In principle, the test specimen can also be poured into a non-standard custom-made cuvette with an inner cavity of 3.6 mm width, 6 mm depth and 4 to 8 mm height, where height is a liquid test specimen level that varies from 4 to 8 mm. In this case, the minimum test specimen volume for a 4 mm sample level is only 55 µL. The minimum volume of the test specimen is a clear advantage for a variety of applications where there is a limited amount of the test material available, or for expensive test materials. Such a customized cuvette can be micromachined from broad varieties of plastic materials such as polycarbonate (PC), cyclic olefin copolymer (COC), polylactic acid (PLA), and polymethyl methacrylate (PMMA) [46]. The selection of a specific material will be based on the required thermo-mechanical material properties and chemical- and/or biocompatibility. The above-mentioned plastics can be processed relatively easily and at a low cost, or micromachined by micromilling or 3D printing, etc. [47].

5. Conclusions

We demonstrated a low-cost pH sensor based on the polyaniline (PANI) sensing layer which exhibited sensitivity to the pH variations due to changes in light absorption.

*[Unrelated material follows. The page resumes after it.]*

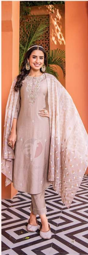
Once More 3245

The pH sensor includes a simple optical measuring system. The optical measuring system consists of only an LED as a light source and a PD as a detector, and a sensing layer (a plastic foil covered with PANI). The optical system has good linearity, even at ambient light conditions for which the PD current is negligible. The sensor can perform pH measurements in a liquid specimen in the range of 3 to 9, which is useful for numerous practical applications. Among them are aqueous-based solutions used in chemistry, the food industry [48], agriculture, environmental studies [49], and biomedical applications [48], etc.

The pH sensor can be used in the field environment, unlike other sensing systems that need strictly controlled laboratory conditions. The sensor requires a tiny volume of the test specimen, as little as 55 µL. The system demonstrates its functionality in transparent solutions, although it must still be tested in non-fully transparent and colored solutions. The pH sensor comprises exclusively commercial off-the-shelf (COTS) components and is assembled using standard surface mounting technology (SMT).